### Dataset section

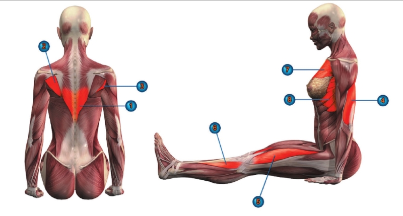 Нейтральное положение позвоночника. В конечной фазе упражнения прямая позиция позвоночника с осевым вытяжением вверх и раскрытие грудной клетки обеспечиваются работой многих мышц шеи и туловища.
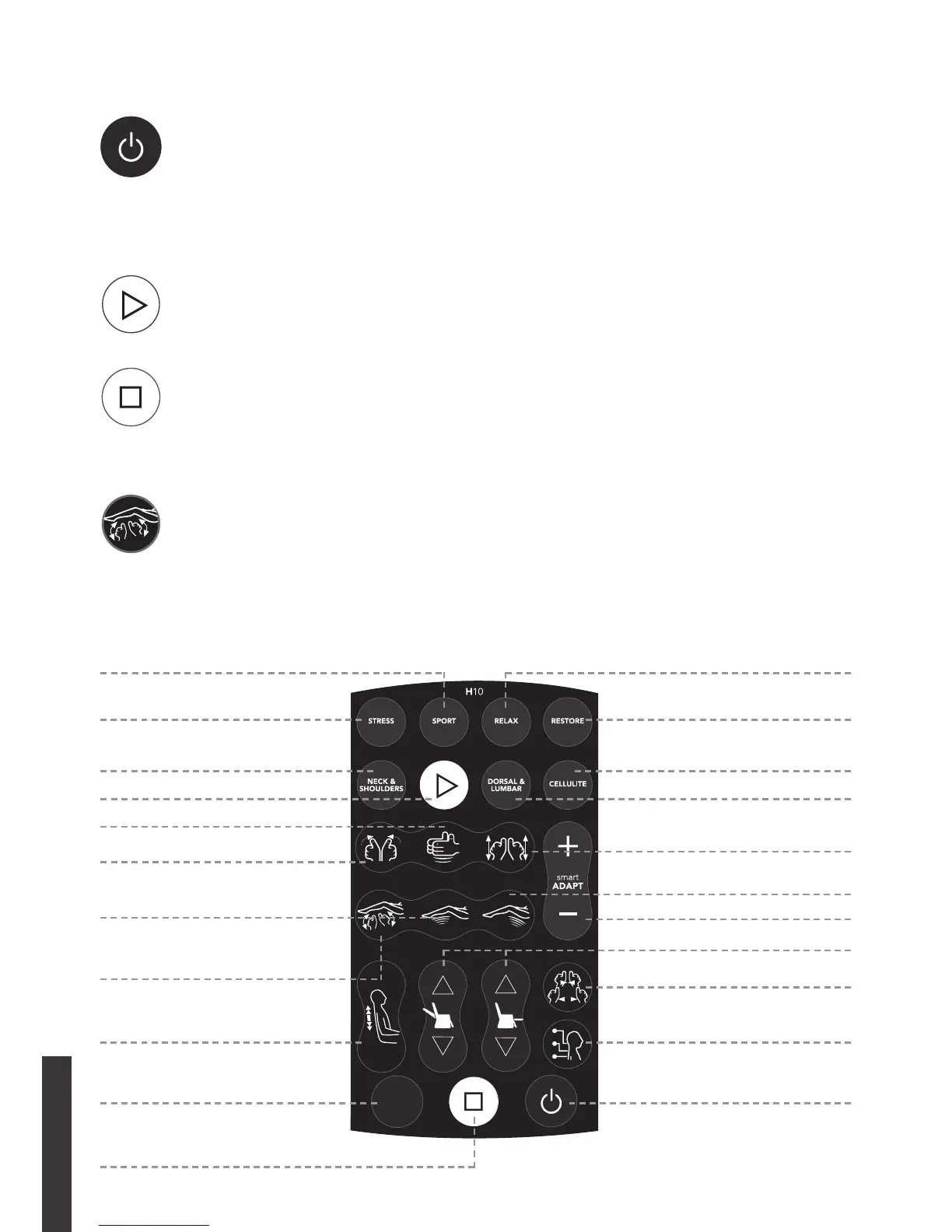 Door op deze toets te drukken worden de massagefuncties van de fauteuil stopgezet. De
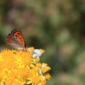 おもてなし💛 白妙菊の花にお客様💕 ビヨーンと伸びて切ろうと思ってたけど、もう少しそのままにしておきますね。 ごゆっくりどうぞ☺️

### Action item
Up to and including the line containing "Door op deze", repeat every line from the start of the data, but none of the pictures.

### Output for this exercise
 Нейтральное положение позвоночника. В конечной фазе упражнения прямая позиция позвоночника с осевым вытяжением вверх и раскрытие грудной клетки обеспечиваются работой многих мышц шеи и туловища.
 Door op deze toets te drukken worden de massagefuncties van de fauteuil stopgezet. De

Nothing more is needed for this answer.